Start of Block

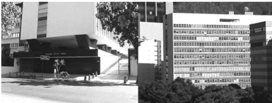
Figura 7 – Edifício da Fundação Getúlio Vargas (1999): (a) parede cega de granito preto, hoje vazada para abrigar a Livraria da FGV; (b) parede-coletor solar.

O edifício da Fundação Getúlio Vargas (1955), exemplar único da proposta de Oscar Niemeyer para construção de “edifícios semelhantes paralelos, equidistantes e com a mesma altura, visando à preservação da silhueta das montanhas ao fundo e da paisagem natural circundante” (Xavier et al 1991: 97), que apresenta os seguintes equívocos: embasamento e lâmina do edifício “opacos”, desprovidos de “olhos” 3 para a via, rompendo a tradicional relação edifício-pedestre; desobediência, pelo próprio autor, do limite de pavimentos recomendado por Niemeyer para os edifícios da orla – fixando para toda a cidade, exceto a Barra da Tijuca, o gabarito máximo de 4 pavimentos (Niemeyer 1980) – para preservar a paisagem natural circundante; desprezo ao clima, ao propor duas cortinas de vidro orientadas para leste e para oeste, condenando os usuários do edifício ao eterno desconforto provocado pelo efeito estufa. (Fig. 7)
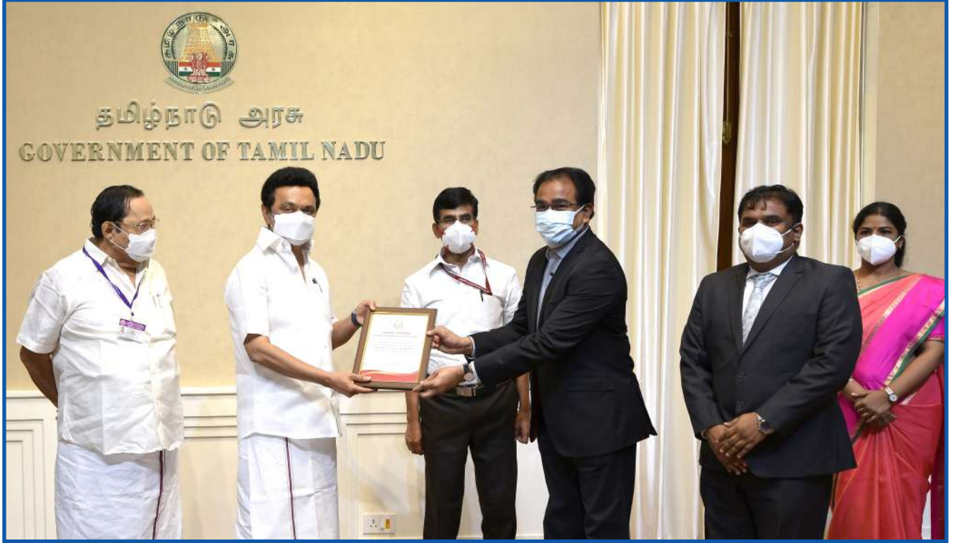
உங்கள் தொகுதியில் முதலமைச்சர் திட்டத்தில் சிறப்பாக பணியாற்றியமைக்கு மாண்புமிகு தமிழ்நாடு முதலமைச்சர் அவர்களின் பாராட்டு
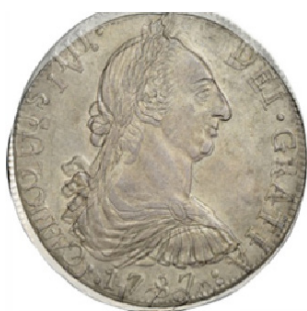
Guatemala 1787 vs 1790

End of Block
Start of Block

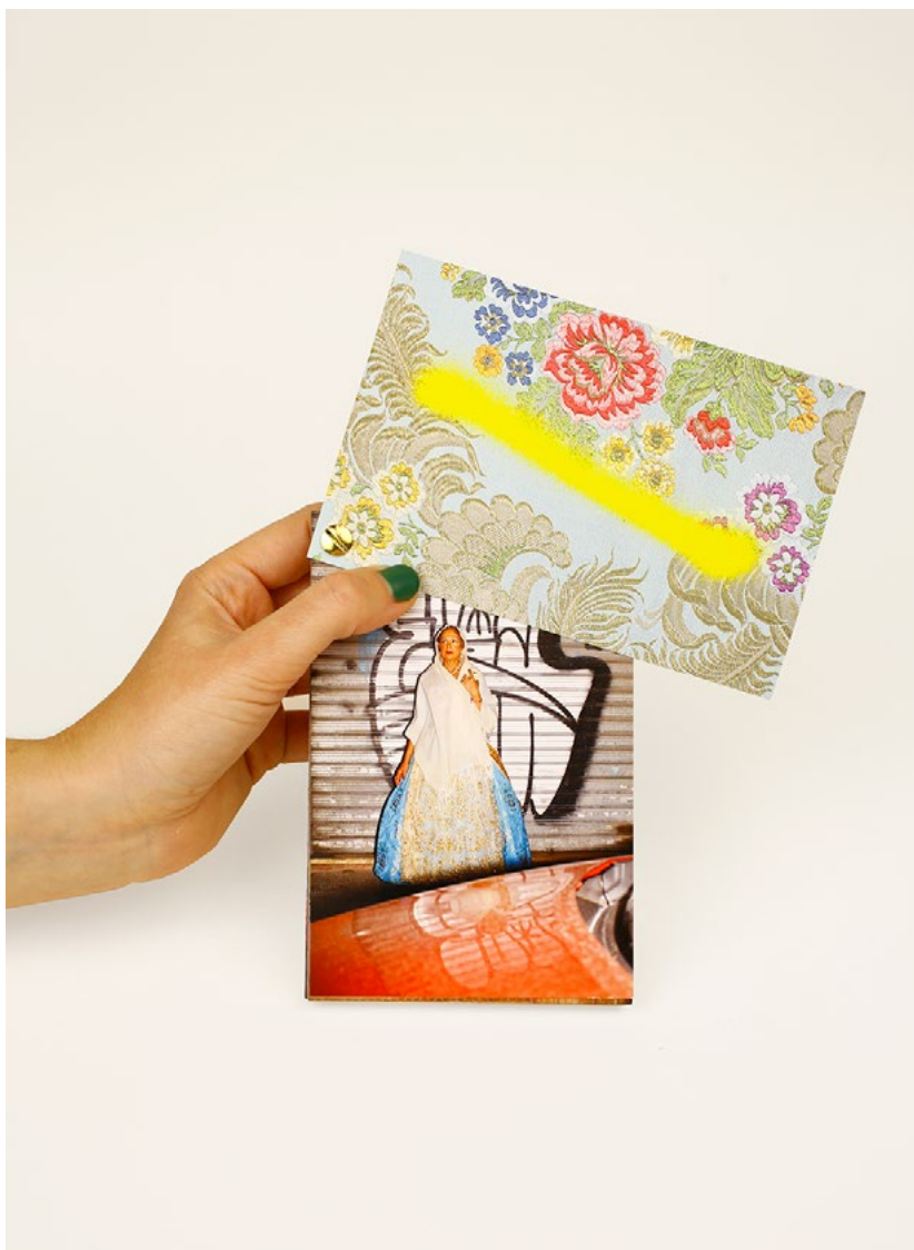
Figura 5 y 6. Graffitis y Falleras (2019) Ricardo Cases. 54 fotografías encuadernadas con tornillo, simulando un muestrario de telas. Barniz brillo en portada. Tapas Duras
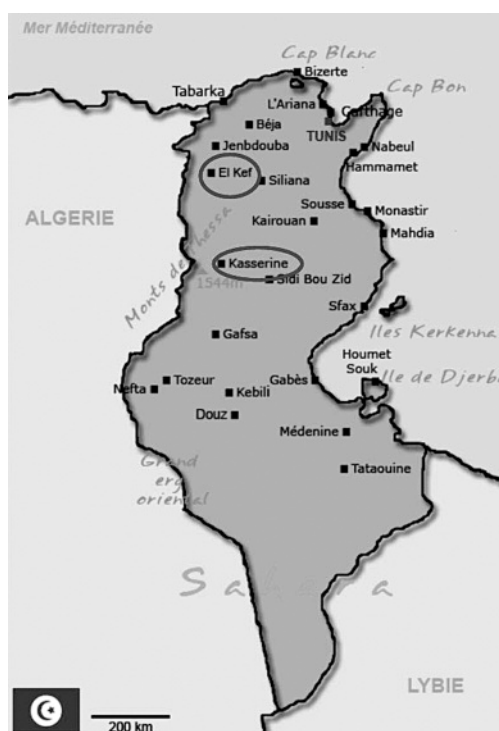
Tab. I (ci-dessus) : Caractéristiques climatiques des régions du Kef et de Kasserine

End of Block
Start of Block

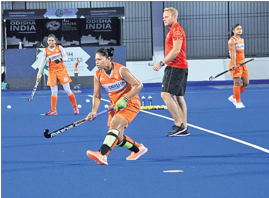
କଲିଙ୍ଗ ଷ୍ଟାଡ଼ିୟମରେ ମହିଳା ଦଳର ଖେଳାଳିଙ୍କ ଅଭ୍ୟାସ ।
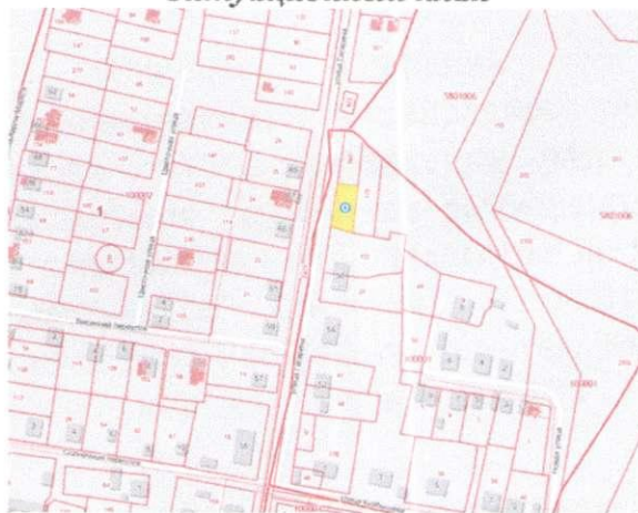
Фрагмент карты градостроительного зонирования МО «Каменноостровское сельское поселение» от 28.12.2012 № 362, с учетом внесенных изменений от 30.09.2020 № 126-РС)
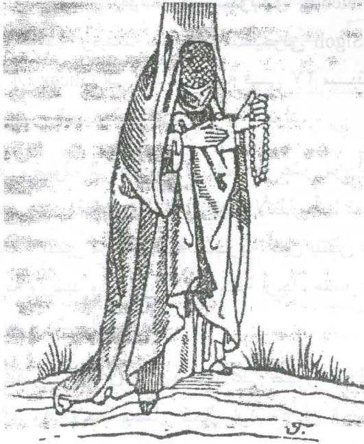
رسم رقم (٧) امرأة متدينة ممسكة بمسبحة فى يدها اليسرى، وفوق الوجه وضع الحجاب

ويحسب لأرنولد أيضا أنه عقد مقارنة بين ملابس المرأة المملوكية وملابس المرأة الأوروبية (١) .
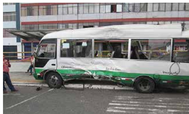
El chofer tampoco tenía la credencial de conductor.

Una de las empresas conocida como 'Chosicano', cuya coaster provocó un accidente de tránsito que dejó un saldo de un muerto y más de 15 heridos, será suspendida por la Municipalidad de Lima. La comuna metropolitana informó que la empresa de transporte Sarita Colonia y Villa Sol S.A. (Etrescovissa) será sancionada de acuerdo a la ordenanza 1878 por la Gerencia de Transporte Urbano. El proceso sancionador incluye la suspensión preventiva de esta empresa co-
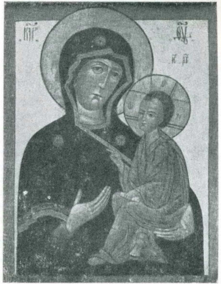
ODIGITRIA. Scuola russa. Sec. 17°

End of Block

If a line in the material contains the word "Vargas", copy that line.

Figura 7 – Edifício da Fundação Getúlio Vargas (1999): (a) parede cega de granito preto, hoje vazada para abrigar a Livraria da FGV; (b) parede-coletor solar.
O edifício da Fundação Getúlio Vargas (1955), exemplar único da proposta de Oscar Niemeyer para construção de “edifícios semelhantes paralelos, equidistantes e com a mesma altura, visando à preservação da silhueta das montanhas ao fundo e da paisagem natural circundante” (Xavier et al 1991: 97), que apresenta os seguintes equívocos: embasamento e lâmina do edifício “opacos”, desprovidos de “olhos” 3 para a via, rompendo a tradicional relação edifício-pedestre; desobediência, pelo próprio autor, do limite de pavimentos recomendado por Niemeyer para os edifícios da orla – fixando para toda a cidade, exceto a Barra da Tijuca, o gabarito máximo de 4 pavimentos (Niemeyer 1980) – para preservar a paisagem natural circundante; desprezo ao clima, ao propor duas cortinas de vidro orientadas para leste e para oeste, condenando os usuários do edifício ao eterno desconforto provocado pelo efeito estufa. (Fig. 7)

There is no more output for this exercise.